Fall is a time I seem to remember stuff more vividly than any other time of year. The days of picking ripened corn, hauling it home to be elevated up into our wooden corn crib, kernels still attached to the cob. Stringing electric fence around the picked fields and turning the cattle into those fields to clean up whatever corn was left on the ground. Chasing the same cattle out of the neighbor's field after the fence shorted out. Cattle seem to detect a shorted fence.

Ducks and geese were flowing south around this time of year, following the Big Sioux and Missouri rivers. They would stray off course once in awhile and end up sitting on Ralph Kounkel's farm pond, about a mile from our farm.

The old Winchester procured my first blue goose from that pond early oneSaturday morning as my 5-year-old brother crept in behind me. I can still see him standing on the rim of the pond, holding the goose up for me to see. It was every bit as long as he was tall.
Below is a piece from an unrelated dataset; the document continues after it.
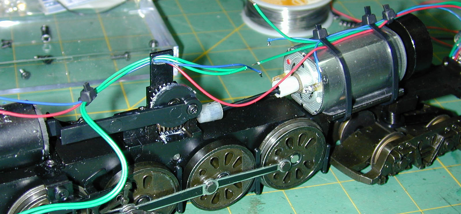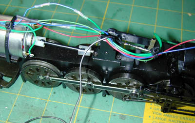 Here's the chassis. The 2 blue wires that go to the motor terminals need to be desoldered. Cut the 2 green wires going to the headlight such that they will reach the motor terminals. I number the pins on the smoke switch/plug 1-4, left to right, looking from the rear of the loco. The green wire from pin 1 goes to the right side terminal, the green wire from pin 4 to the left terminal.

I let him hold the old Model 97 for just a bit with the goose in the other hand. He still likes to hunt geese.

Fall comes fast and it leaves just as fast. So I draw on its beauty and grace as much as possible. I breathe deeper, stride longer and fasten my eyes on the colors that will too soon be gone.

That falling bright red leaf that lit on my jacket last week reminded me of that old Winchester 97 and that bright, red-faced rooster pheasant that came to hand so many years ago. It is that time of year.